Et voilà que Werner Beck lui-même sortait du pavillon et descendait les marches de la véranda. Nerissa ne le trouva guère changé depuis leur dernière rencontre, quelques années auparavant. Il se tenait toujours droit comme un militaire, même si ses cheveux et sa barbe grisonnaient. Il portait un ample pantalon kaki et une chemise de flanelle rouge non boutonnée. Et il tenait un fusil de chasse, mais eut un sourire crispé quand Ethan descendit sa vitre.

Faites qu’ils soient là, se dit Nerissa. Faites qu’ils soient à l’intérieur, Cassie et Thomas, et le fils de Beck, Leo. Qu’ils soient en train de nous regarder par la fenêtre. Qu’ils se précipitent dehors en me voyant. Elle ouvrit sa portière. Descendit de voiture. Ethan fit de même.

« Vous feriez mieux d’entrer », dit Werner

Et de la maison rien ne sortit. Il n’y avait qu’une lumière pâle, une véranda déserte, une porte immobile, le silence inoccupé.

17

Garage de Dowd

Grâce au pistolet à peinture d’Eugene Dowd, la voiture blanche volée par Leo était désormais bleu métallisé. Avec ses fenêtres et ses baguettes encore masquées, elle semblait presque factice, pour Cassie : on aurait dit un trompe-l’œil, un tour de magie sur le point d’être dévoilé. Dowd dit qu’il s’occuperait du polissage et de la finition transparente le lendemain matin… le temps manquait pour faire mieux, et tout ce travail ne servait qu’à faire changer d’aspect à la voiture. Une rapide couche de peinture et de nouvelles plaques, il ne pouvait pas mieux. Ensuite, il faudrait qu’ils prennent la route.

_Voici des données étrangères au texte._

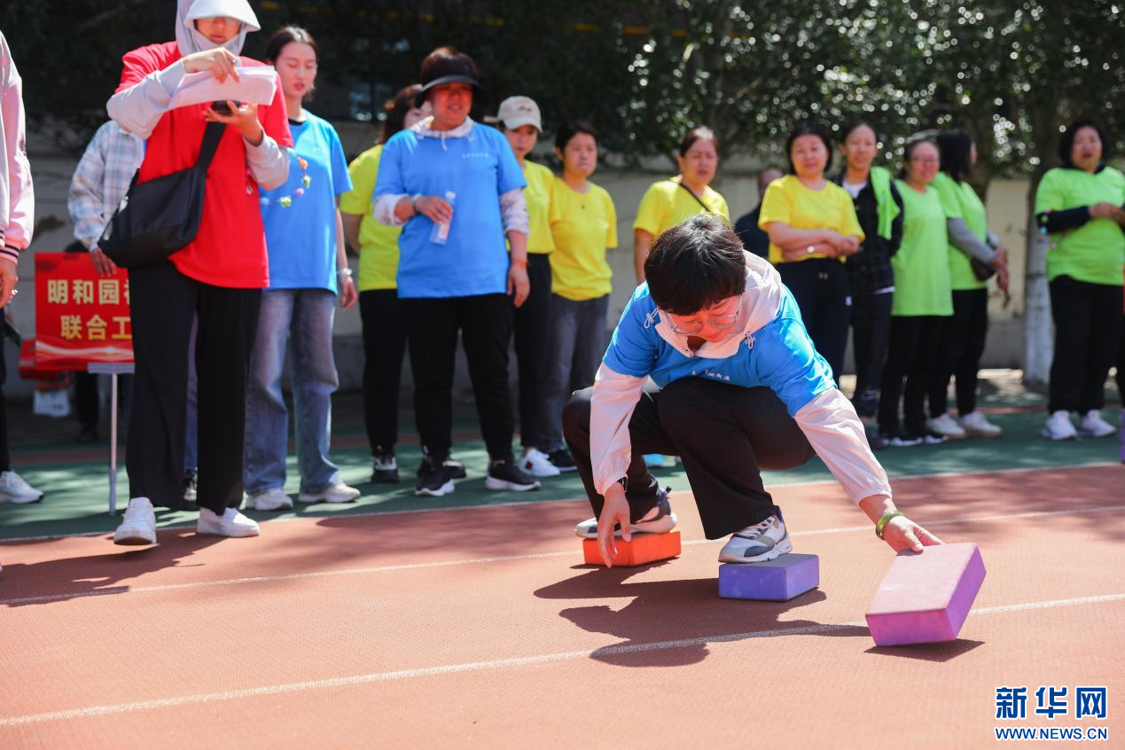 6月7日,呼和浩特市赛罕区大学东路街道社区居民在端午节趣味运动会“摸石过河”比赛中。新华网发(李颖剑 摄)

Cassie voulait bien entendu qu’il finisse son histoire sur le Chili, sur le désert qu’il appelait l’Atacama et les lumières qu’il y avait vues. Mais Dowd n’était pas d’humeur. Demain, dit-il. Il parlait mieux avec les mains occupées. En attendant, il allait partir en camion faire des courses à Salina, est-ce que quelqu’un voulait l’accompagner ?

Beth se porta aussitôt volontaire. Dowd hocha la tête et sortit du garage avec elle.

Cassie, Leo et Thomas montèrent dans son bureau, où le crépuscule illuminait d’orange la fenêtre crasseuse. Ils avaient trop faim pour attendre le retour de Dowd et de Beth, aussi dînèrent-ils de ce qu’il restait dans le réfrigérateur. Leo alluma le petit transistor. Celui-ci diffusait surtout de la musique de Noël, puisque c’était la prochaine grande fête au calendrier. Le tintement des cloches et les arrangements choraux égayèrent un certain temps l’atmosphère, mais une fois la nuit tombée, la musique se mit à sembler aussi triste et lointaine que le signal d’un navire en mer. Cassie se demanda si elle célébrerait à nouveau Noël un jour. Tante Riss n’avait pas été particulièrement portée sur la religion, mais chaque mois de décembre elle montait dans l’appartement un pin minuscule qu’elle installait dans une cuvette en tôle posée sur un drap blanc, où les aiguilles qui tombaient formeraient des amas épineux. L’appartement devait être vide, à présent, avec la boîte aux lettres qui débordait et des rappels de loyer dans le courrier, de la nourriture en train de pourrir dans le réfrigérateur et une atmosphère stagnante avec de la poussière qui se déposait peu à peu.